In July 2006, Sajjad released a single called "Chal Rein De", a more classical song. On 3 September 2006, he released another single in a totally different genre with the help of Meloscience Corp. The song is known as "Sajjad-Ali Sinsym Fligh", and it has an experimental, jazzy, Sufi beat. In late April 2008, Sajjad released his album, Chahar Balish, which contained new tracks as well as some previous tracks such as "Chal Rein De".

Two new compositions of Sajjad Ali from the film Bol by Shoaib Mansoor were released by Tips music on 22 May 2011 in India and on 30 May 2011 by Fire Records in Pakistan. He also appeared in the second episode of Coke Studio with his song "Kir Kir", which was broadcast on major television channels across Pakistan on 5 June 2011.

In 2017, Sajjad released his single with Bohemia (rapper) (Tamasha), a massive hit on YouTube and social media. It was his first collaboration.

Films and television 
Sajjad directed his first telefilm, Love Letter in 1989, and then his first full-length motion picture, Aik Aur Love Story in 1998. Before that, he also performed as an actor and a singer in a film,  Munda Tera Deewana which was directed by Zahoor Husain Gillani. Sajjad has also sung songs for drama serials, Teri Yaad (Album) in the PTV drama serial Thori Khushi Thora Ghum, "Na Boloon Gi" in Na Tum Jano Na Hum Janain (ARY Digital) and "Sunn Leyna" in Sunn Leyna (ARY Digital). His brother Waqar Ali is also credited with the making of these songs.

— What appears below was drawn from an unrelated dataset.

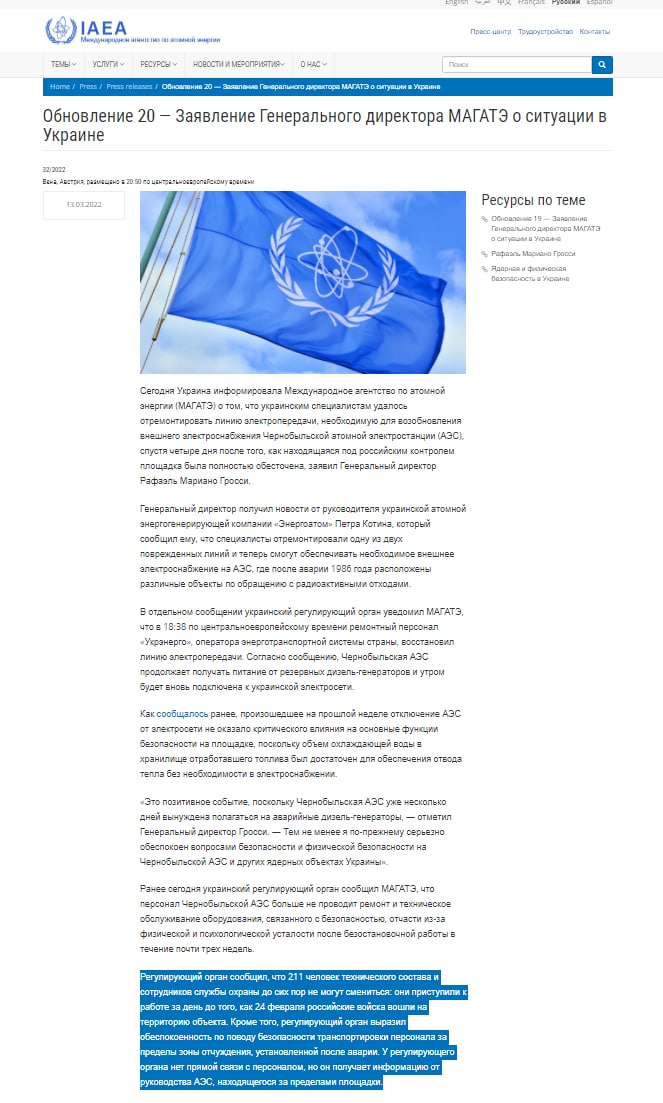 Напомним, 9 марта Чернобыльская АЭС была полностью обесточена.

Sajjad composed songs in Shoaib Mansoor's 2011 film Bol. Sajjad stated that the songs were recorded in his own studio in Dubai and by the name of Din Pareshan hai, having two versions. According to Sajjad Ali this song is different from the song in his album Chahar Balish which has also the same title.

Critical acclaim 
Musician A. R. Rahman has described Sajjad as the original crossover:
"From the realm of the classical, he metamorphosed into one of the brightest lights of Pakistani pop. Always striking the right note, and never missing a beat, even the most hardened purist has to give Sajjad his due. This man can breathe life in a Ghazal even as he puts the V back into verve. He is one of the very few singers in Pakistan who seems a complete singer. As far as skill is concerned I feel nobody compares to Sajjad Ali. He is simply too good at everything he chooses to create."

Personal life 
Sajjad married his uncle's daughter Naureen in 1990. They have four children; two sons and two daughters. He lives in Dubai Marina, United Arab Emirates with his family, where he has been based for many years. 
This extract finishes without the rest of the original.